Quantifying the Autonomic Nervous System influence on Heart Rate Turbulence using Partial Least Squares Path Modeling

Helena Puente-Díaz1, Rafael García-Carretero2, Rebeca Goya-Esteban3, Óscar Barquero-Pérez4
1Dpt. Signal Theory and Communications. University Rey Juan Carlos, 2Unidad Medicina Interna Hospital Universitario de Móstoles, 3Universidad Rey Juan Carlos, 4University Rey Juan Carlos


Background: Heart rate turbulence (HRT) is a physiological phenomenon used for cardiac risk stratification. Its alteration or absence indicates a significantly increased likelihood of mortality. It is accepted the baroreflex hypothesis and overall autonomic nervous system (ANS) tone as a source of the HRT. However, the influence of the ANS on HRT needs to be further investigated. Objective: Our aim was to propose a cause-effect relationship model to quantify the influence of the ANS, assessed by HRV indices, on HRT. Methods: 481 holter recordings from different pathologies, namely acute myocardial infarction (AMI), coronary artery disease (CAD) and end-stage renal disease (ESRD) (from The telemetric and Holter ECG Warehouse) were used.
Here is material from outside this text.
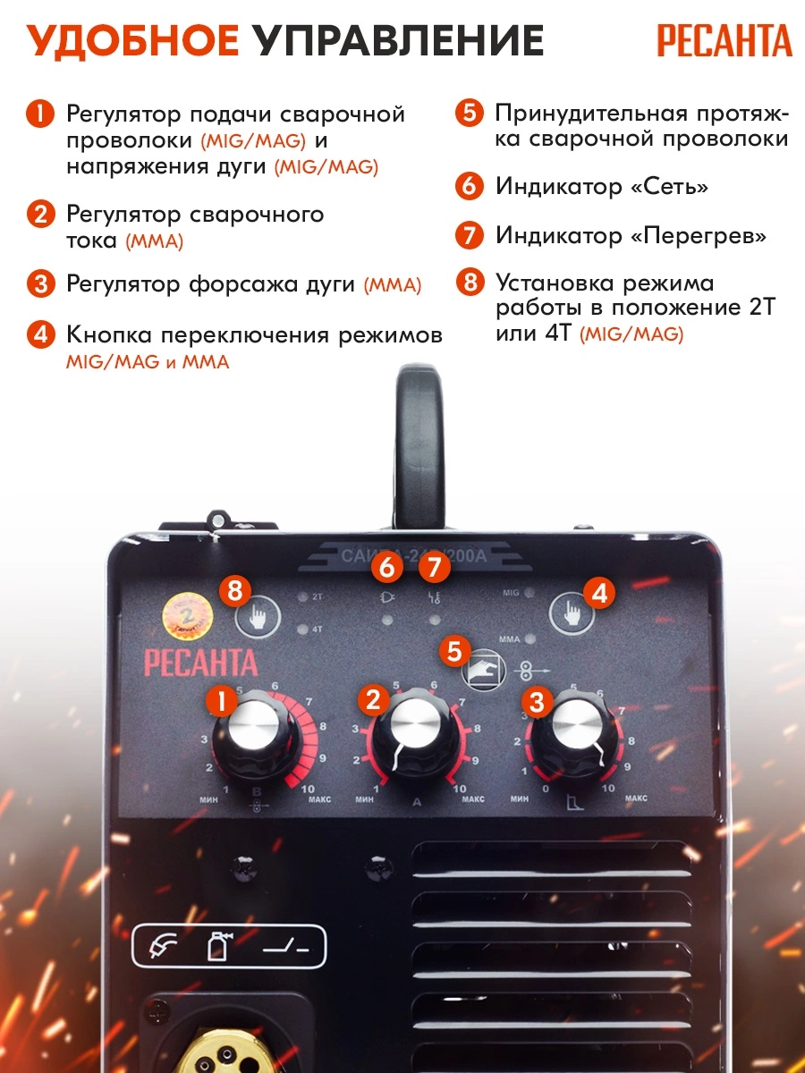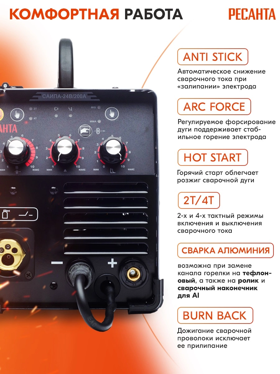 Сварочный полуавтомат Ресанта САИПА-24В/200А инвертор MIG-MAG 6.9кВт

We proposed to model the relationship between HRT and ANS as a cause-effect relationship model based on Partial Least Squares Path Modeling (PLS-PM), a method for structural equation modeling that allows analyzing the relationships between the observed data and the latent variables. HRT parameters were estimated on individual ventricular premature complex (VPC) tachograms. HRV indices (time and frequency domain) were computed from 3-min before VPC tachograms. The data set was split into: low-risk and high-risk patients according to HRT parameters turbulence slope and onset (TS, TO). We propose to model HRT as a function of latent variables accounting for sympathetic and parasympathetic activity. Results: SDNN, LF, TS, and TO were the most relevant variables. In low-risk patients, ANS activity was negatively related to HRT. Whereas correlation between coupling interval and HRT on high-risk depends on the pathology. Conclusions: PLS-PM suggests that the influence of physiological variables on HRT is broken on high-risk and differs from low-risk. Results of the model are in agreement with the baroreflex hypothesis.